No, all Muslims are not terrorists, nor are they deserving of the scorn and suspicion that many are subjected to. In fact, the Muslims are the biggest victims of the scourge that befall upon them. This is what happens when religion is used as a tool of governance and when people fail to perceive the hidden dangers in allowing the clergy to decide the course of nations. I wonder, how a mass of humanity comprising of a billion plus individuals be so easily be brainwashed by the Kazis, Mullahs, and Imams to accept such degrading, hateful, and intolerant teachings to be the words of God! Wouldn't the believers of Allah now wish that he came down from his heavenly abode riding the timeless "Jibrail" to defend the hapless children of Iraq? Why doesn't he? What prevents him from saving his devoted children who go to sleep and wake up every morning chanting "Allah Hu Akbar", from the suffering inflicted by the "Great Satan"?

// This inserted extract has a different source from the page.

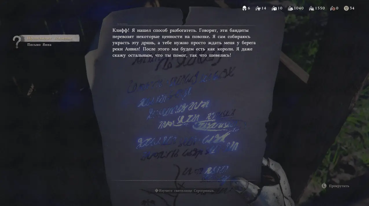 Из сообщения вы узнаете, что Янн нашел способ разбогатеть: он планирует забрать у бандитов ценности и просит Клиффа ждать его на берегу у реки Анвил.
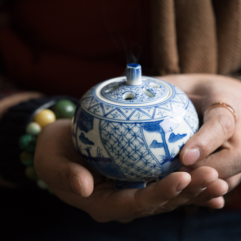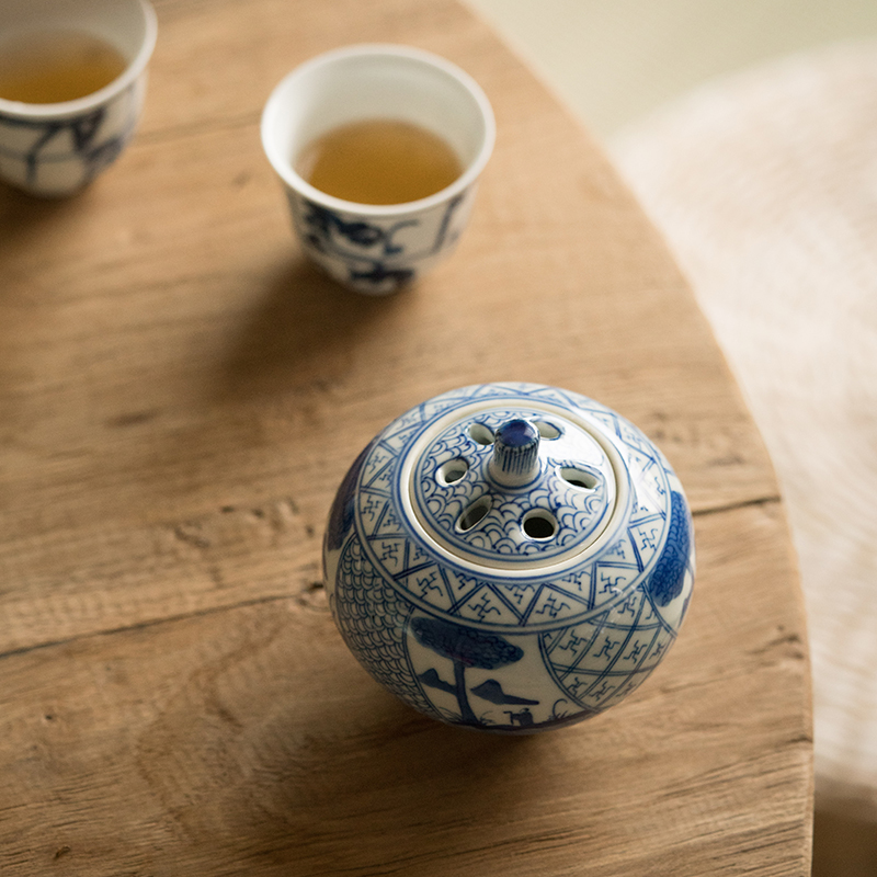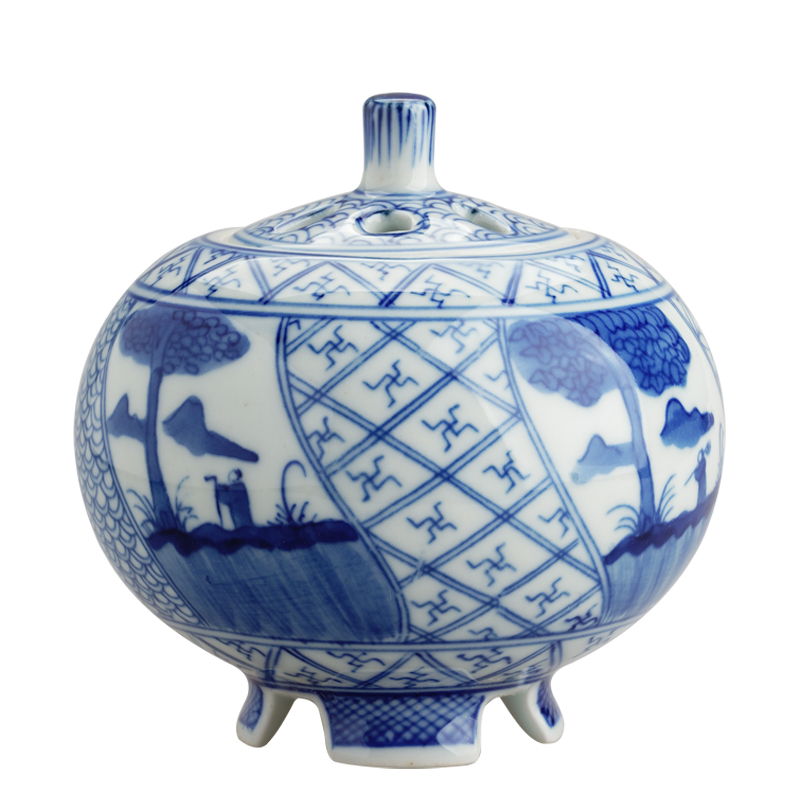 The Bucket Room Case in Jingdezhen antique hand painted green flower ceramic incense stove Wuliang Tai Fu Fu Fu Restoration Ancient Home Worshipers

This opium of religion is what has brought this scourge upon us all. No one is left unaffected by this war; we are all victims. Some justify this as an act of self-defense; others shy away from taking a stand. I however, feel ashamed that there aren't enough sensible souls in this planet who could stand up and say, let's work together and solve our problems in a manner befitting of human dignity. Unfortunately, the onus of this falls squarely on the shoulders of the Muslims of the world. They have to stand up against their own clergy and uproot them from their lofty perches. The world needs to see the victims collectively voice their outrage against these fundamentalist despots and they will no longer stand by and let these vicious, ignorant barbarians dictate human values to them, while disregarding all norms of civilized life in their pursuit of holy jihad against the "kuffirs", with their one track pursuit of geo-political supremacy.

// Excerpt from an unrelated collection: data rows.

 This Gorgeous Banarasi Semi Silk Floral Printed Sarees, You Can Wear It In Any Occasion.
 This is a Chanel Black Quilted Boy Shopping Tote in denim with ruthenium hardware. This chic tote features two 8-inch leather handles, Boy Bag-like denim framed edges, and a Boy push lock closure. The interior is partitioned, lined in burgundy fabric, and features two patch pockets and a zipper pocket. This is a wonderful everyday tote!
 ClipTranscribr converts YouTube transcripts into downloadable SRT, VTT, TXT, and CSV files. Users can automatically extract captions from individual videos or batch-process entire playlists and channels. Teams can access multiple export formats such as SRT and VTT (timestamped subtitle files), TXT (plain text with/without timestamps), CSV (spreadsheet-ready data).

In the end, I know that my country will be victorious in this endeavor, but this be very costly and there is a hefty price that will accompany this victory. The world is indeed "shocked and awed" by the display of might and superiority of our airpower and technology, but at the same time there will be a chilling effect on the rest of the world as to what this triumph really establishes. Is this the "new world order" that we all talked about at the turn of the last century following the demise of the Soviet empire? I am afraid that now in the eyes of many my country will not appear as a beacon of civility, nor will be perceived as a champion of freedom; rather a bully whose mantra is "my way, or no way"!

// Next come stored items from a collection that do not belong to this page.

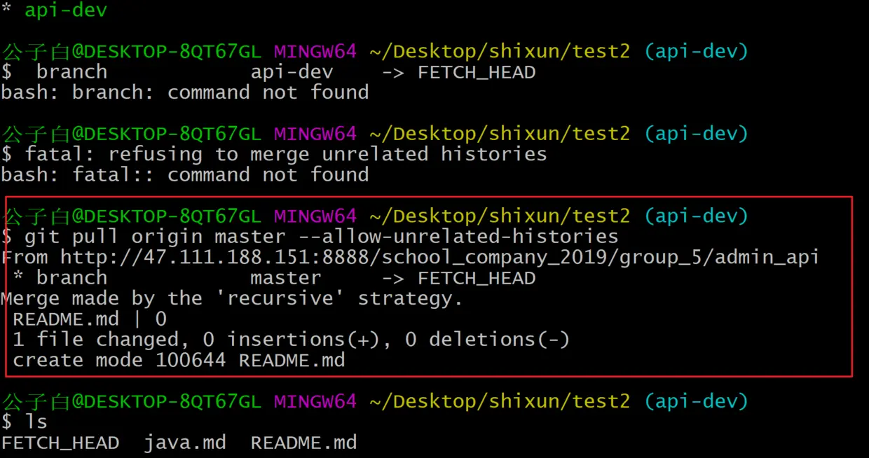 git pull时遇到 fatal: refusing to merge unrelated histories
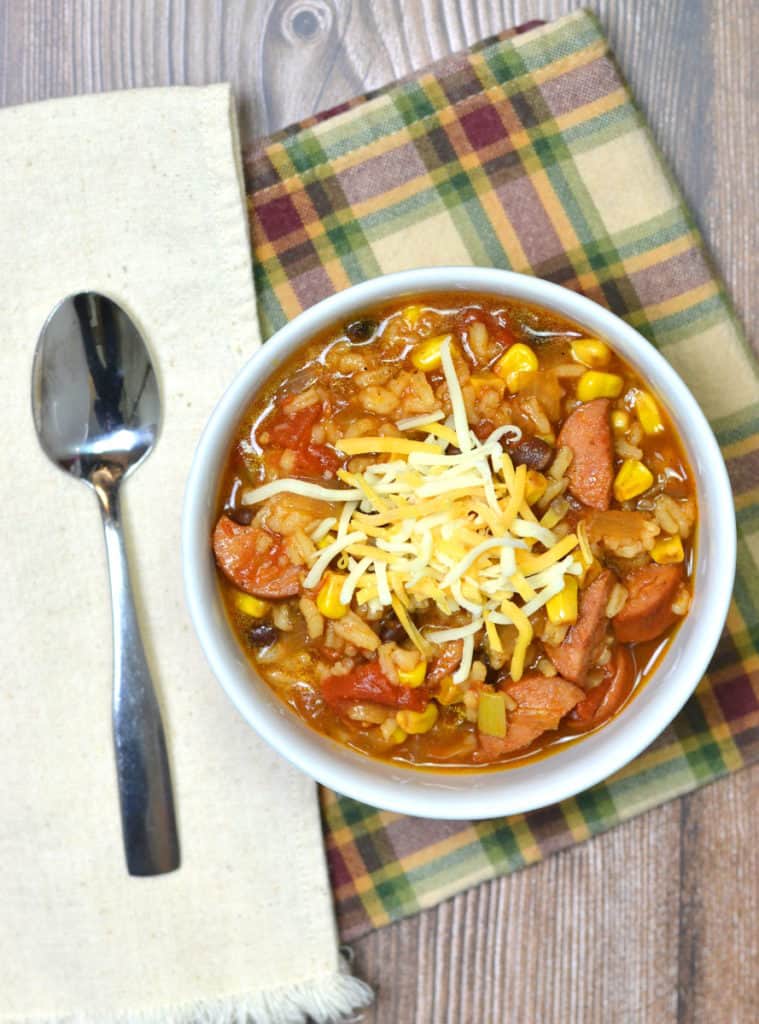 Throw together this quick, easy, tasty & hearty Kielbasa Chili! Minimal prep with kielbasa, jarred salsa & canned goods make it an effortless meal!
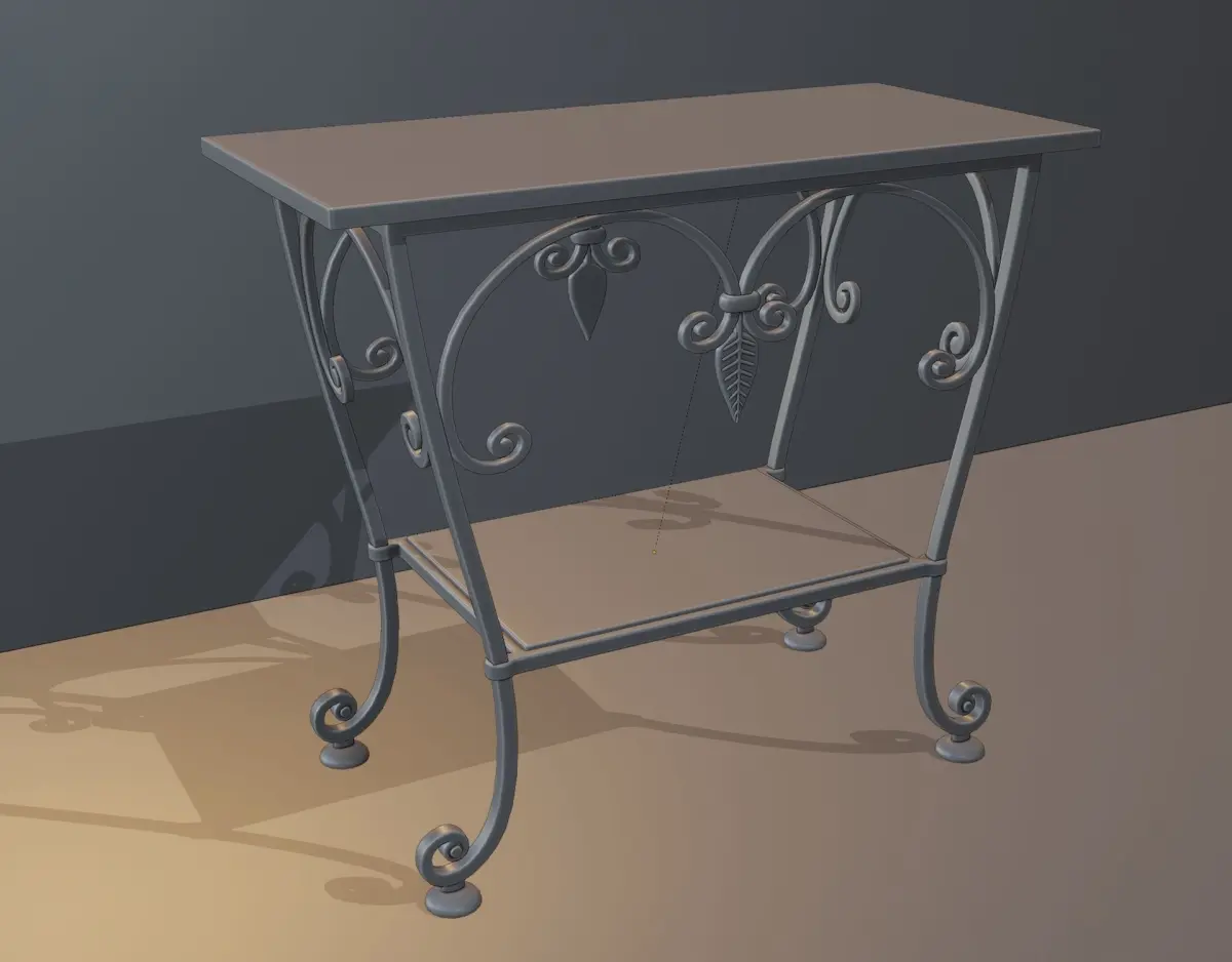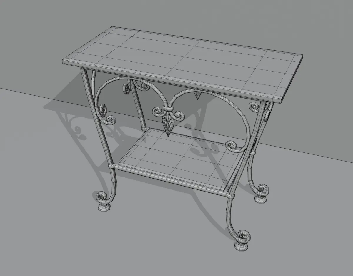 Forged metal furniture. Table with glass top. Three mesh model. Metal frame and two glasses. Top is big and small is bottom. (If desired, you can replace the glass with a wooden countertop)Metal frame in grunge style. Can be used as magazine or handout.
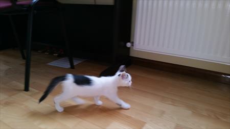 Donez motan 3 luni Figaro alb cu negru jucaus face la nisip crescut in casa
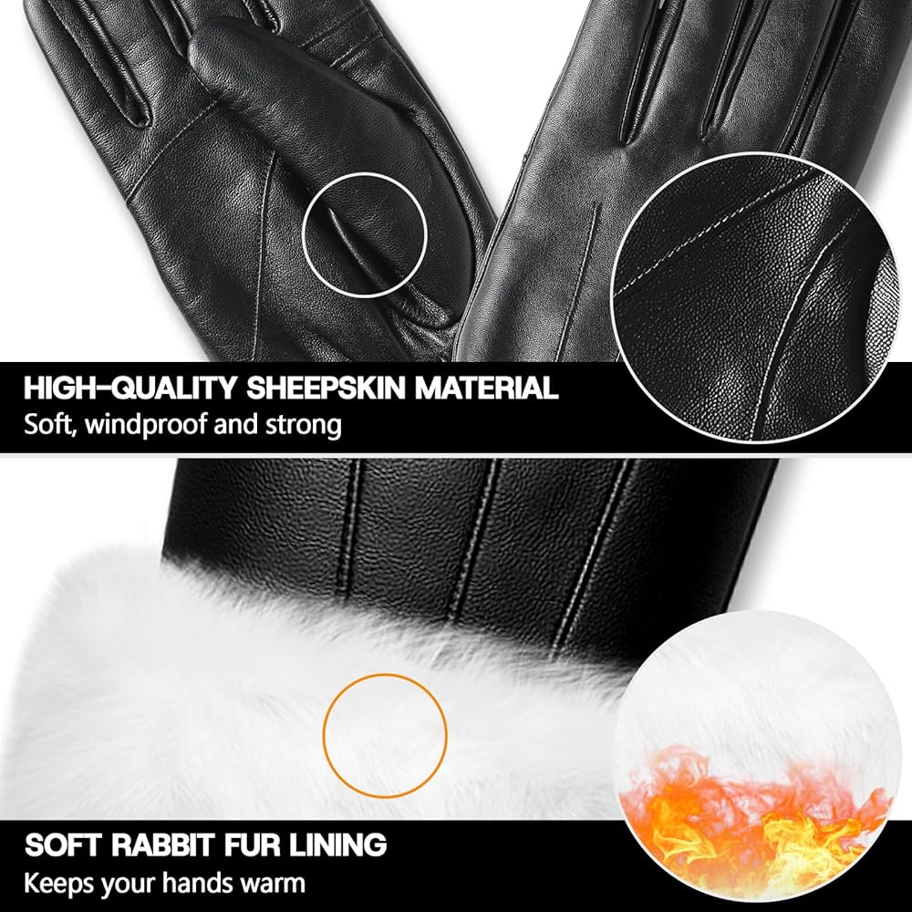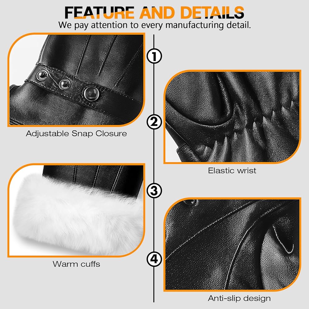 【دفء فاخر لأناقة الشتاء】 هيكل سميك وعازل يحافظ على يديك مغلفة بالدفء مع الحفاظ على صورة ظلية أنيقة وراقية. مزيج مثالي من الراحة والأناقة، مما يضمن لك البقاء دافئًا أثناء التنقل في الطقس البارد أو نزهات المساء أو السفر في الشتاء مع قفازاتنا الجلدية.

In ending, I would like to state unequivocally that I am in full support of the lead my country has taken in eradicating this world of the scourge of Islamic fanaticism. I also support my country's drive in removing Saddam Hussein from power in Iraq. I hope that this war is over soon, and the young soldiers of this land, many of them mere teenagers, return home safely to be with their family and loved ones. I salute them for undertaking the heavy burden of this awesome responsibility. I also hope and pray that the people of Iraq are able to overcome this suffering. If there is a God, may his presence save the lives of the innocent Iraqis.